Is classification of documents into multiple folders useful?

Bill_DeVille · December 4, 2007, 5:45pm

As an old chemist and erstwhile philosopher and historian of science I’ve always been interested in how terminology and methodologies spread from one field to another.

Stoichiometry is basically the discovery of, and methodologies associated with, quantitative measurements that have predictive value. The concept was familiar to the ancient Greeks and has been a mainstay in chemistry for a long time, e.g., reaction equilibria.

Political scientists discovered quantitative approaches back in the 1960s, and I once teased a friend about papers that read like “Tom Swift and His Electric Factor Analysis Machine”. (Tom Swift was the hero of a series of children’s novels in the early 20th century; he used science and technology to solve mysteries.)

Quantitative approaches are important in many fields, certainly in ecology. I remember a landmark study of field mouse populations related to nutrient availability that was done on a tract of land over a period of years. There were equilibria between population size of the mice and the quantity of nutrients on the site, but with temporary undershoots or overshoots of population size related to nutrient levels. In general, population size adjusted to nutrient availability, a dynamic relationship.

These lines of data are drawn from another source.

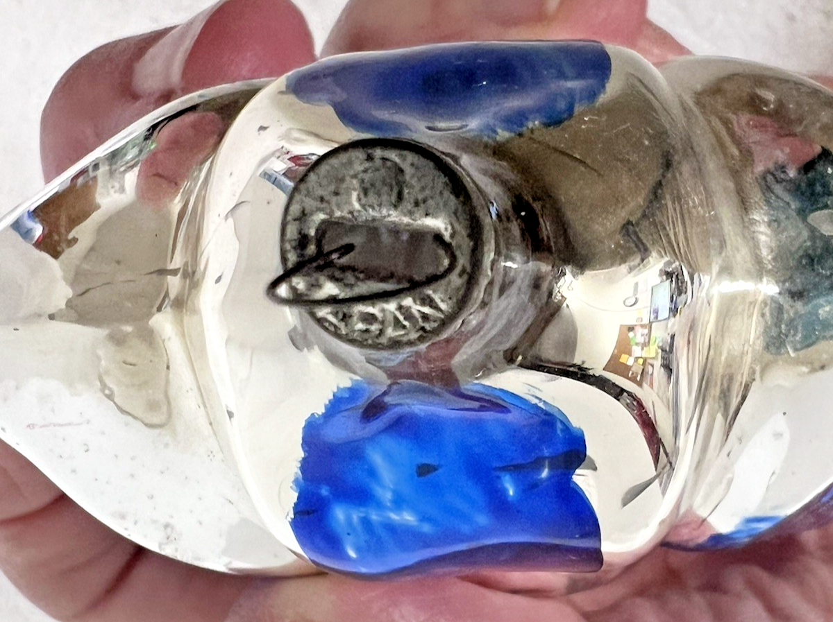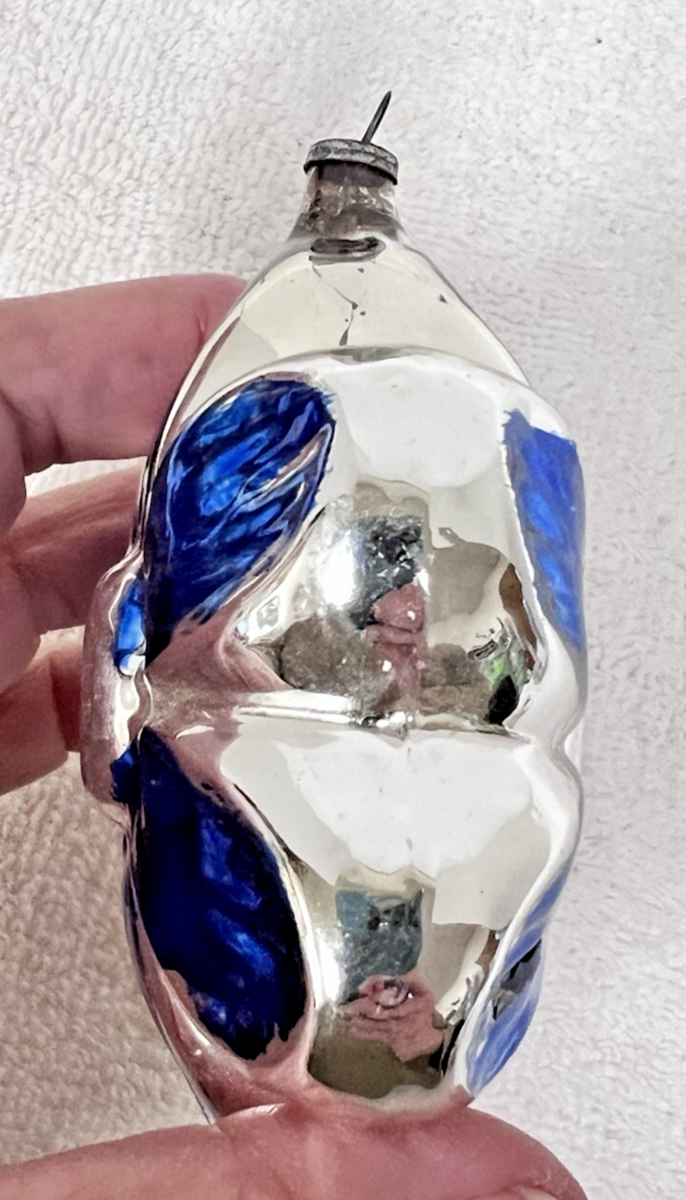 Vintage Japan Silver Cobalt Blue Flower Shaped Christmas Ornament 3.5" long 2 7/8 wide In good shape the blue is hand painted on so not perfect but so sweet
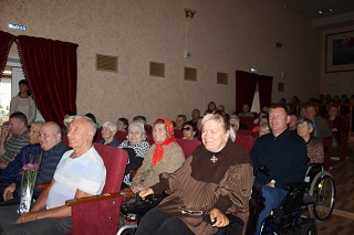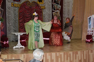 В это время на сцене актового зала для проживающих и сотрудников дома-интерната выступали артисты Балашовского драматического театра. Гости с удовольствием присоединились к просмотру водевиля «Беда от нежного сердца». Зрители увидели искромётную историю о молодом человеке, готовом предложить руку и сердце каждой девушке с которой встречается, и хитрой уловке отца, помогающей ему сделать правильный выбор. Прекрасная игра актеров была оценена продолжительными овациями зрителей, и, конечно цветами.
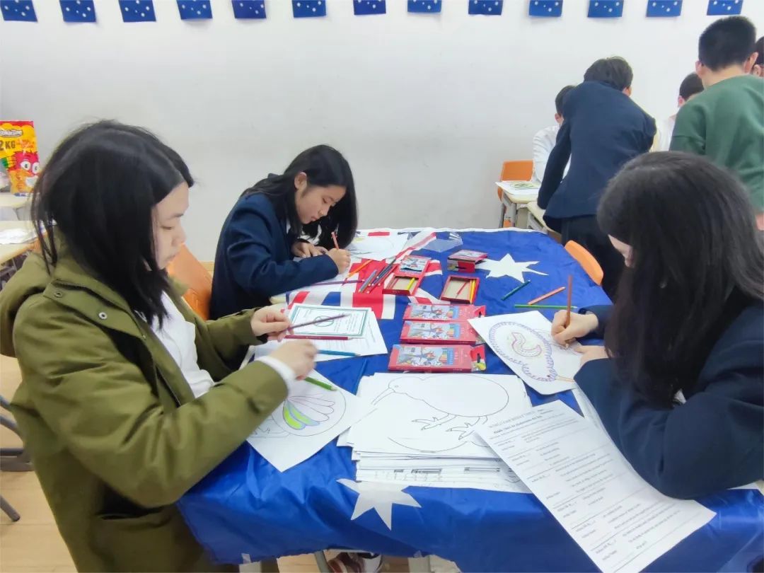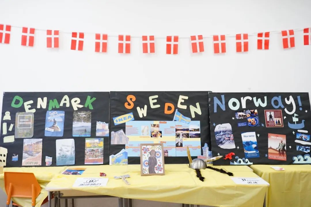 Over the past month, the students, organized by their administrative classes, have made thorough preparations for the World Fair. During this time, we have seen students ardently decorating classrooms; some even making exquisite specialty foods for this event and are prepared to share them on the World Fair. In geography class, students used the internet to survey folk cultural artifacts from different countries and demonstrated their class's research and creativity through the creation of distinctive cultural relics. From painting a Mona Lisa with a beard to making a Viking iron hat, through hands-on practice, these students have gained deep understandings of the origin and development of cultures in various countries. In the classroom, we can also find carefully crafted cultural games and informational posters made by students.
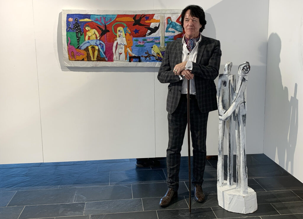 Axel Otterbach (Bild) erinnerte in seiner Begrüßung an den Skulpturensommer 1989 in Bad Waldsee. Unter den damals geladenen Bildhauern war auch Terence Carr mit seiner farbigen Skulptur „Someone“. Dies war die Zeit, als Skulpturen aus unterschiedlichsten Materialien wieder mit Farbe Aufwertung erhielten. Selbst zunächst mit Kettensäge entstandene Skulpturen Carrs werden durch aufwändige Bemalung filigran und detailreich, so Otterbach. In seinen Arbeiten überschreite der Künstler Grenzen zwischen Figuration und Abstraktion oder eben auch zwischen Skulptur und Malerei.
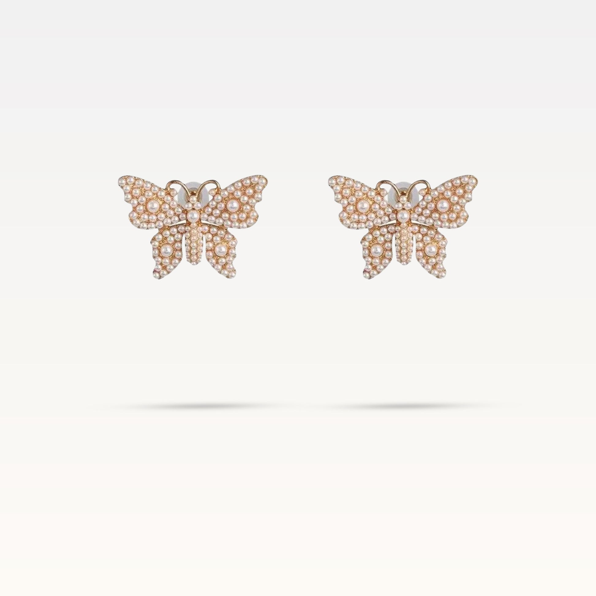 Embrace elegance and symbolism with Margot Bardot's Janina Butterfly Earrings - Gold. Symbolizing grace, transformation, and personal growth, these earrings feature lustrous simulated pearls delicately framed by sparkling brilliant-cut zirconia.

Other studies have focussed on behavioral changes of mice (or their predators) during periods of excessive population density, or in adaptation to inadequate nutrient availability.

You are interested in classifying ecological literature that uses stoichiometric approaches, even though the term “stoichiometry” doesn’t appear in the content of many of the writings.

See Also is probably “smarter” than you think. It’s forte is finding similarities of words and especially the contextual relationships among words in a collection of documents. No, See Also doesn’t look at Names or at the group locations of documents (although classification may help you, the human part of the interactive team, organize your own thought).

Let me give an example. Dogs are canines. So are wolves, foxes and coyotes. Suppose you are viewing an article about dogs, which doesn’t include the term “canine”. You invoke See Also and find that the list includes an article about wolves, even though the term “dog” doesn’t appear in that article about wolves. How did that happen? Somewhere in that database is a “bridge” document that includes the term “canine” as related both to dogs and to wolves. The greater the number of such “bridge” documents, or the greater the frequency with which the relationship is defined even in a single “bridge” document, the more likely See Also is to make such a connection.

Take that as a tip. You are trying to force a connection among documents by grouping them. The connection may be the concept of stoichiometry, but that term doesn’t exist in many of the documents in your collection. One way to enhance the behavior of See Also to make that connection would be to make sure there’s one or more documents in the collection that “bridge” the term “stoichiometry” to other terms or word patterns common to the concept. That bridge document might be a beautifully written overview of the field, or it might be a “nonsense” document that is basically a glossary of related terms, perhaps repeated for emphasis.

I still do organization, at least to some degree, of my database collections for my own benefit. I can’t create and hold in my mind tables of all the tens of millions of words in my database and also the patterns in which those words occur, like See Also. But my database isn’t trained as a chemist, or ecologist, or economist or whatever my interests may be. So I’m responsible for determining the pertinence of documents suggested by See Also. Some of those suggestions may be “dumb” while others are “brilliant” – it’s up to me to make the distinction. This is human/machine interaction, and I often find it very useful.

Sometimes I find it useful to follow a trail of See Also suggestions. Perhaps the first list of suggestions may not give me what I’m looking for; but selection of a document from that list and another invoking of See Also may lead me to discovery of a relationship I hadn’t thought of.